Nat Neurosci. 2022 Aug;25(8):1082-1092. doi: 10.1038/s41593-022-01109-2. Epub 2022 Jul 7.
A large body of evidence has indicated that the phasic responses of midbrain dopamine neurons show a remarkable similarity to a type of teaching signal (temporal difference (TD) error) used in machine learning. However, previous studies failed to observe a key prediction of this algorithm: that when an agent associates a cue and a reward that are separated in time, the timing of dopamine signals should gradually move backward in time from the time of the reward to the time of the cue over multiple trials. Here we demonstrate that such a gradual shift occurs both at the level of dopaminergic cellular activity and dopamine release in the ventral striatum in mice. Our results establish a long-sought link between dopaminergic activity and the TD learning algorithm, providing fundamental insights into how the brain associates cues and rewards that are separated in time.

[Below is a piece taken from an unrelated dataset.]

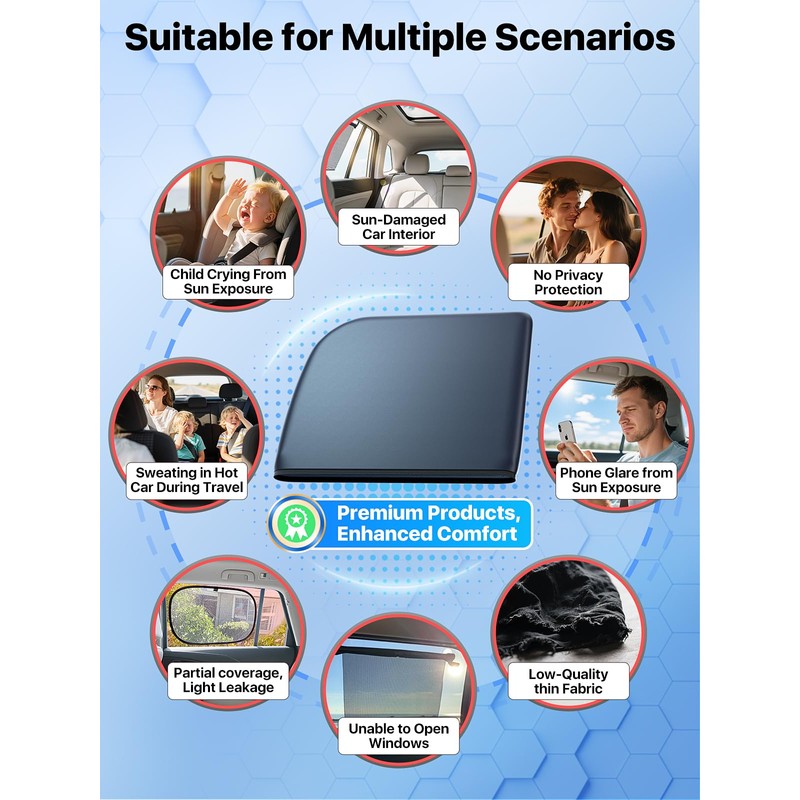 - [ArcticShield Dual-Layer Cooling Technology] Our sunshade combines UPF 50+ certified UV-blocking fabric with a reflective cooling layer to block 99% of harmful UV rays and infrared heat. Protect delicate skin and eyes while keeping your car cooler faster—ideal for summer road trips and daily drives. Avoid use during heavy rain.

大量证据表明,中脑多巴胺神经元的相位反应与机器学习中使用的一种教学信号(时间差分 (TD) 误差)非常相似。然而,之前的研究未能观察到该算法的一个关键预测:当一个代理将提示和奖励关联起来,而奖励和提示在时间上是分开的,那么多巴胺信号的时间应该在多个试验中从奖励时间逐渐向后移动到提示时间。在这里,我们证明了这种逐渐的转变既发生在小鼠腹侧纹状体的多巴胺能细胞活动水平上,也发生在多巴胺释放水平上。我们的结果在多巴胺能活动和 TD 学习算法之间建立了长期以来寻求的联系,为大脑如何将时间上分开的提示和奖励联系起来提供了基本的见解。